Bu fanteziye dönersem, bunun temelinde AKP’nin sıradan bir düzen partisi olduğu varsayımı yatıyor. Bu temel üzerinde de iki düşünsel yapıntı yükseliyor.

Birincisi ekonomik çıkarların seçmenin kararında belirleyici olduğuna ilişkin kaba materyalist, kapitalist gerçekçiliğin ufkunu aşamayan bu iddia AKP seçmeninin (genelde insanın) pragmatist bir “homo economicus” olduğunu var sayıyor: Eğer AKP seçmeninin ekonomik çıkarlarıyla uyumlu önerilerde bulunursak bize yakınlaşabilir.
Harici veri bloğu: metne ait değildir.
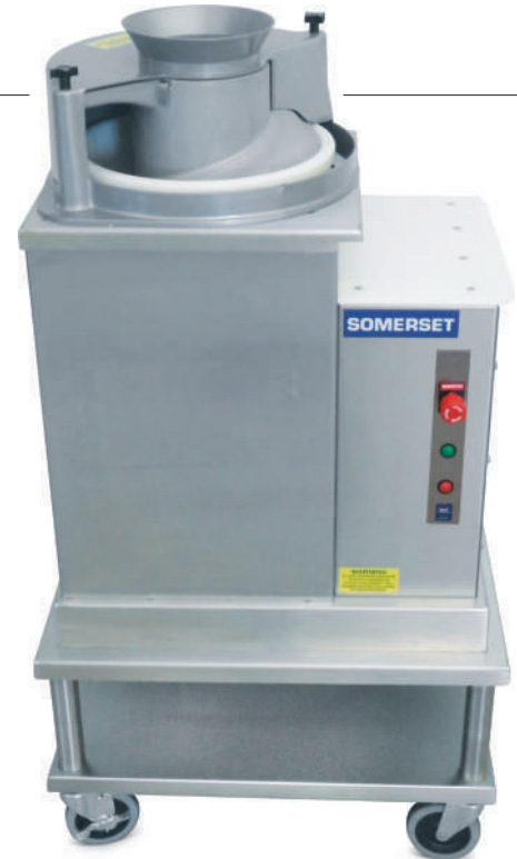
Rounder with Table SDR-400T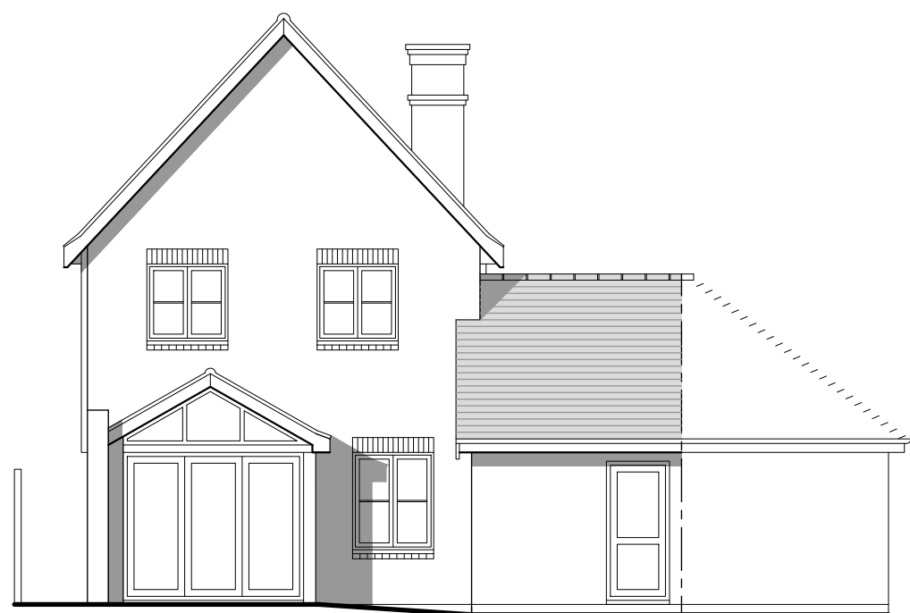
South east elevation - no changes to elevations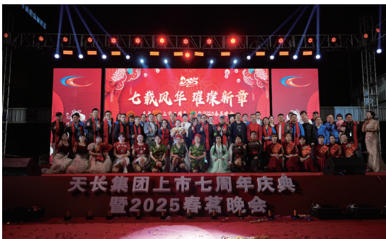
2025 Spring Gathering Evening Party 2025春茗晚會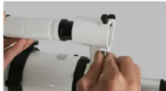
12. Pull down the metal stretching screw and slide finderscope into the hole on base.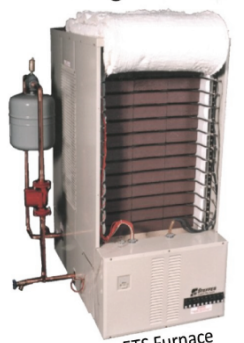
ETS Furnace (cutaway view)

www.sussexrec.com or call us at 973.875.5101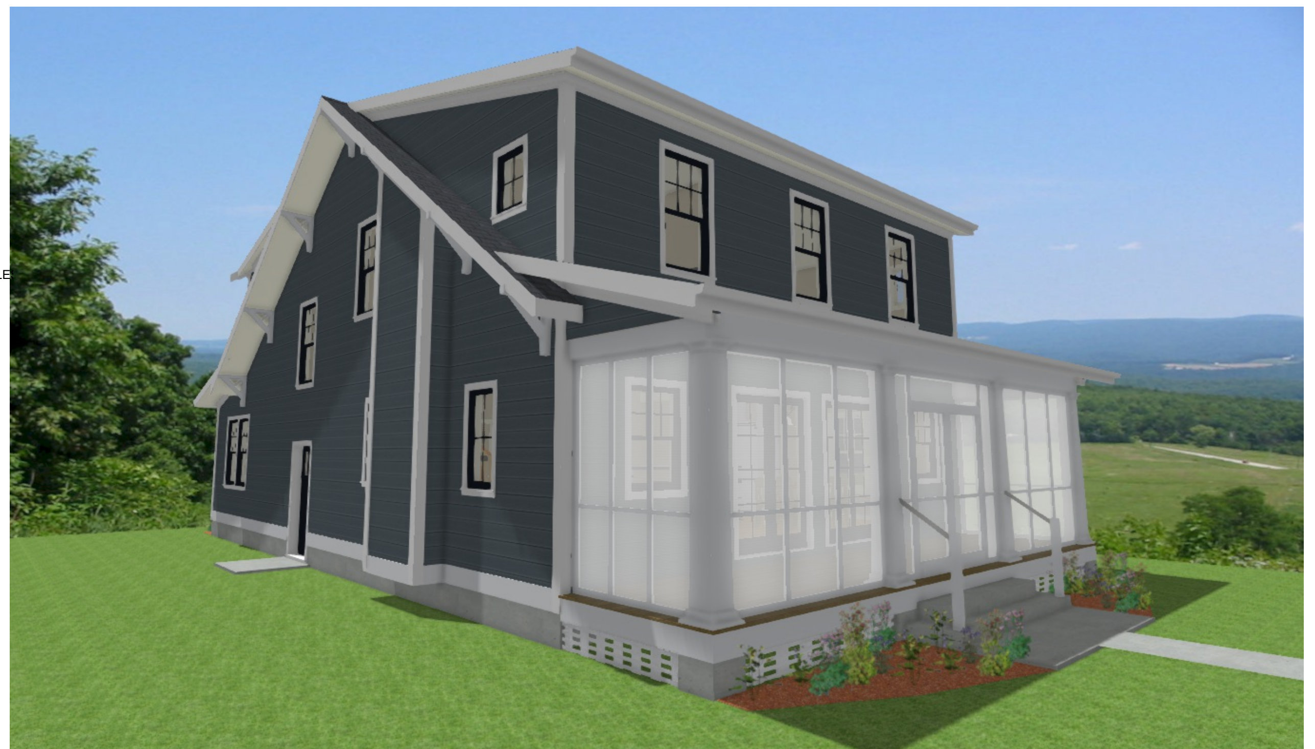
REAR PERSPECTIVE VIEW NOT TO SCALE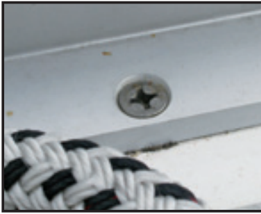
Stainless steel screw aluminium floor rail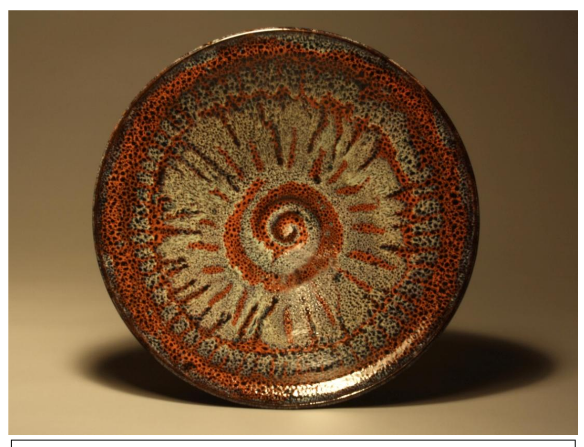
Figure 25- Full view of Figure 9.

Daha kabası: “Bunlara biraz daha fazla para vaat edelim, bize oy verirler!”

Bu yaklaşımın yetersizliğini az çok hisseden CHP liderliğinin geliştirdiği ikinci düşünsel yapıntı da, “AKP seçmenine kendimizi kültürel alanda şirin gösterirsek, onların ekonomik çıkarlarını en iyi bizim savunduğumuza ilişkin iddiamız daha kolay satın alınır” inancına dayanıyor.

CHP’yi örnek olarak kullanıyorum ama bu fantezinin solun büyük kısmın etkilediğin de söylemeden geçmek istemiyorum. Burada da aklıma, AKP’yi tüm kültürel özelliklerinden, liderliğinin siyasi projelerinden soyutlayıp, onu yalnızca neo-liberalizmin ajanı olarak gören mücadele hattı geliyor.

Bu ekonomik çıkarların (taleplerin-vaatlerin), sınıfların, bireylerin tutumlarını doğrudan, belirleyebileceğine ilişkin inanç, gerçeklikte bir sonuç üretemeyen etkisiz bir propaganda hattı olmakla kalıyor. Zaten AKP de kolaylıkla bu ekonomik taleplere sahip çıkarak kendini koruyabiliyor. Bu hattın zararı etkisiz olmakla sınırlı.

Buna karşılık, AKP seçmeninin kültürel ve ideolojik varsayımlarına teslim olarak ona yaklaşmaya çalışmak, yalnızca etkisiz bir propaganda hattı değil, daha fazla bir şey: Bu propaganda hattının etkileri CHP’den yana değil AKP’den yana işliyor: Bu propaganda hattı, AKP seçmeninin varsayımlarını siyasal İslam’ın AKP aracılığıyla kurduğu kültürel alan hakimiyetini olumluyor, hatta yeniden üretiyor. Özetle CHP’nin bu propaganda hattından CHP değil AKP yararlanıyor.

Sol’un, üzerinde fazla düşünmeden “Anti-Kapitalist” Müslümanların kapitalizm karşıtlığının içeriğini, siyasal İslam’ın genel hattıyla ilişkisini doğru dürüst irdelemeden onlara kucak açarak, kendini onların söylemlerine açması da siyasal İslam’ın kurduğu kültürel alan hakimiyetine katkıda bulunuyor.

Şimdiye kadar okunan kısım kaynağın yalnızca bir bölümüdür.